▶ _Problem requirements_
From the data below, return only the lines from the one with "5号凌晨4:30就醒了,干脆" through the one with "姜效韦用技术、耐心与爱,让奎", exact and inclusive, with pictures left out.

▶ _Data_

Content starts

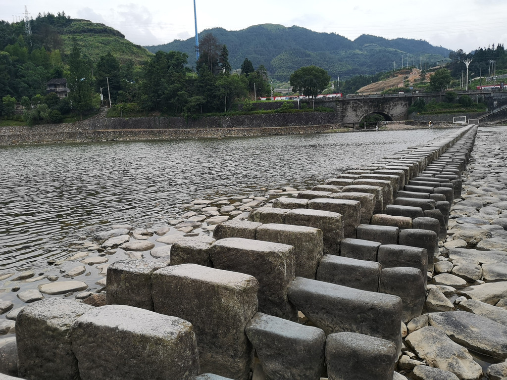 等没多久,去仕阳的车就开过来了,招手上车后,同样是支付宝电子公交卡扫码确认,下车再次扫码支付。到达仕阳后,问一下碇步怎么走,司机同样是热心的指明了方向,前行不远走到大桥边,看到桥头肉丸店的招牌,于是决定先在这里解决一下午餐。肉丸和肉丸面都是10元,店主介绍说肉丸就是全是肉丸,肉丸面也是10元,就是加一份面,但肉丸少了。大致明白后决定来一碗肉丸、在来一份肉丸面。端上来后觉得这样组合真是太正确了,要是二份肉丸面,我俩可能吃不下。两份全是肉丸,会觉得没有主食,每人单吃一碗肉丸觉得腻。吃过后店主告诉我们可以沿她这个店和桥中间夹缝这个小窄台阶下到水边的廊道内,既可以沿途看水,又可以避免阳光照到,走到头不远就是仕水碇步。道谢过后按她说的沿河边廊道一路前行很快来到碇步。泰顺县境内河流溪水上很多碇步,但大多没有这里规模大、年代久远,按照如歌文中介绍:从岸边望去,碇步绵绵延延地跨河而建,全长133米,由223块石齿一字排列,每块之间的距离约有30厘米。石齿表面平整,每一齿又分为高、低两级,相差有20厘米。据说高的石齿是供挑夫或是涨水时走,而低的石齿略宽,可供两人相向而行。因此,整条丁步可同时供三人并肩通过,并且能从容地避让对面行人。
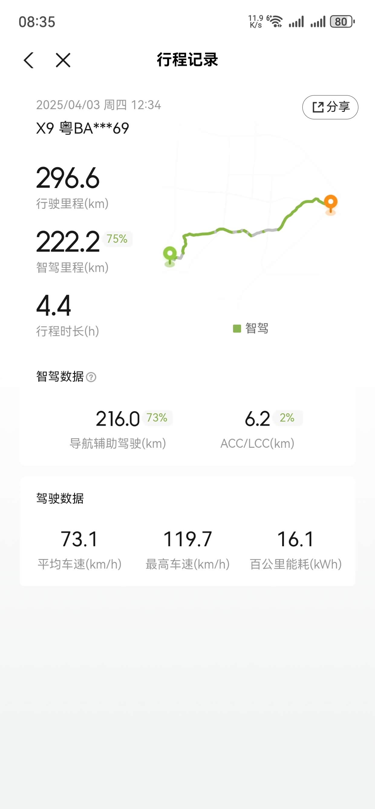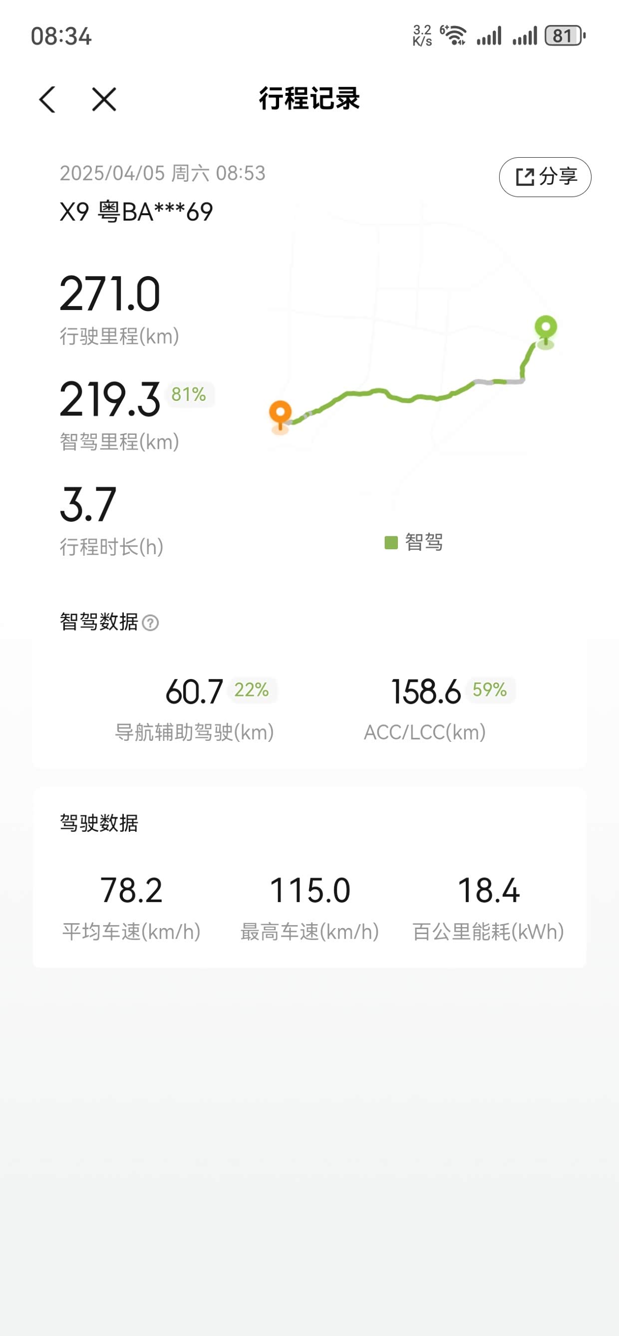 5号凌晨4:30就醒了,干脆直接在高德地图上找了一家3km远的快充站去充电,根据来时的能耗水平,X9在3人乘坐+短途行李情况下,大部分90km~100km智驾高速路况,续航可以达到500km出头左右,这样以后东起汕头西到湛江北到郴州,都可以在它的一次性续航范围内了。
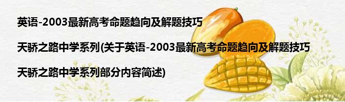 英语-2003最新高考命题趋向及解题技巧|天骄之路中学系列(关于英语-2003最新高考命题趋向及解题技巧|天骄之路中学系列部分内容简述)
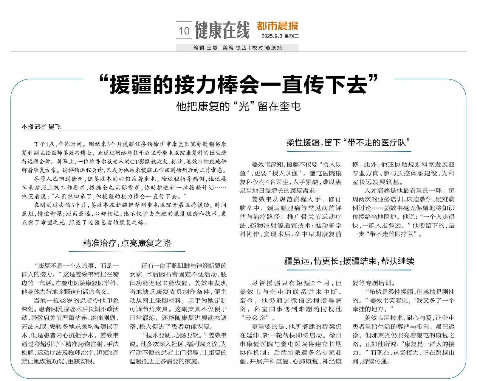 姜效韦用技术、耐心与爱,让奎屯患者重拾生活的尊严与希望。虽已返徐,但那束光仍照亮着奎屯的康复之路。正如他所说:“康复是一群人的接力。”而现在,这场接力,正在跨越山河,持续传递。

Content ends
Content starts

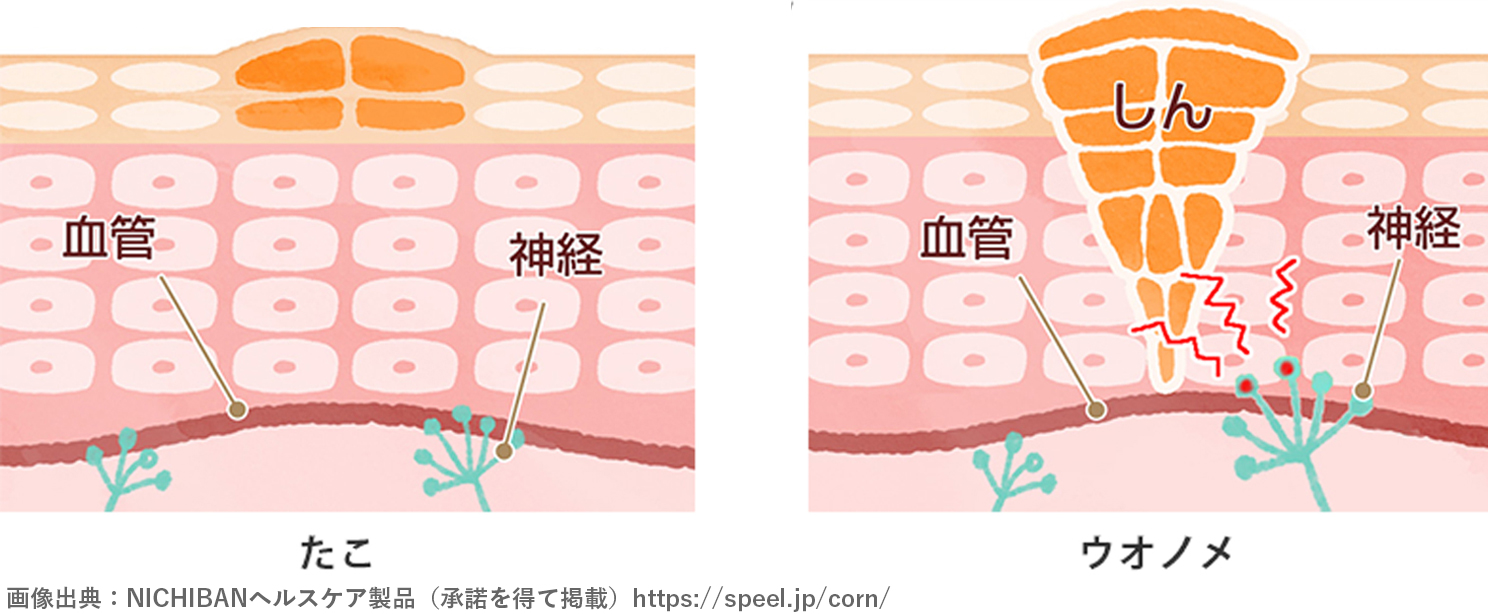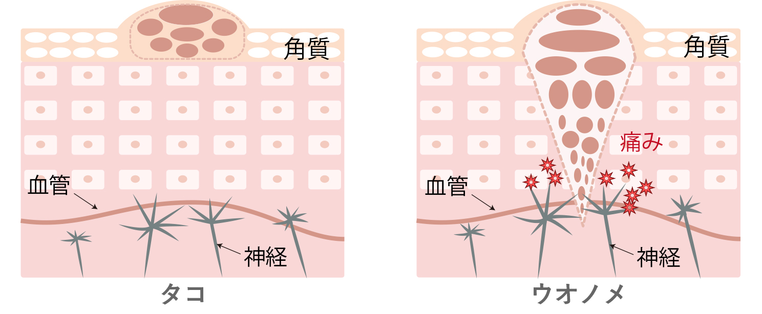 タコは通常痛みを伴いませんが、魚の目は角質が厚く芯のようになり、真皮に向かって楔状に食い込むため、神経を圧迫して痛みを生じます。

Content ends
Content starts

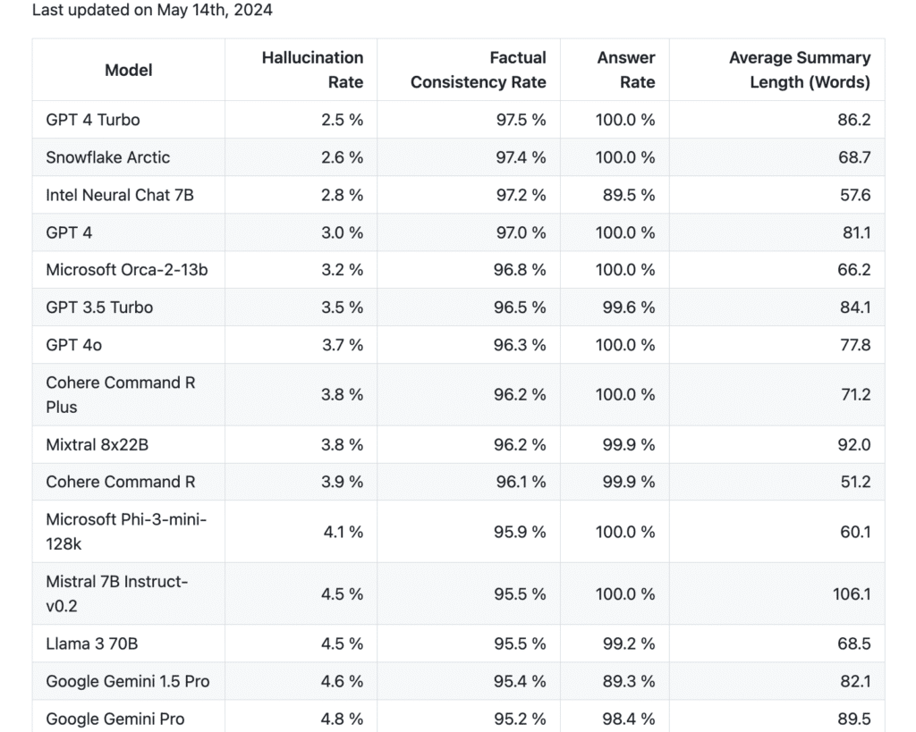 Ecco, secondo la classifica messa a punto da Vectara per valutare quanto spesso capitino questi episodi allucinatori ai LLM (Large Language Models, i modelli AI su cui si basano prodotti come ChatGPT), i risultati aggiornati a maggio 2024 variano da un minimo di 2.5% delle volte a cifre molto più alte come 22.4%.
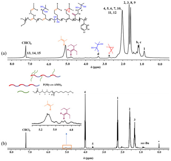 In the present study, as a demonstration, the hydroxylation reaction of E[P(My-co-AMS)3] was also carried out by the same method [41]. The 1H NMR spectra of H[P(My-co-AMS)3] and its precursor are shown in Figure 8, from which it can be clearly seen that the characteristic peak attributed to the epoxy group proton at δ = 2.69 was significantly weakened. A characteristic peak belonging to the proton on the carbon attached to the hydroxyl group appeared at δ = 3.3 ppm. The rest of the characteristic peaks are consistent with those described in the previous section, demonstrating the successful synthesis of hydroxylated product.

Content ends

▶ _Exercise answer_
 5号凌晨4:30就醒了,干脆直接在高德地图上找了一家3km远的快充站去充电,根据来时的能耗水平,X9在3人乘坐+短途行李情况下,大部分90km~100km智驾高速路况,续航可以达到500km出头左右,这样以后东起汕头西到湛江北到郴州,都可以在它的一次性续航范围内了。
 英语-2003最新高考命题趋向及解题技巧|天骄之路中学系列(关于英语-2003最新高考命题趋向及解题技巧|天骄之路中学系列部分内容简述)
 姜效韦用技术、耐心与爱,让奎屯患者重拾生活的尊严与希望。虽已返徐,但那束光仍照亮着奎屯的康复之路。正如他所说:“康复是一群人的接力。”而现在,这场接力,正在跨越山河,持续传递。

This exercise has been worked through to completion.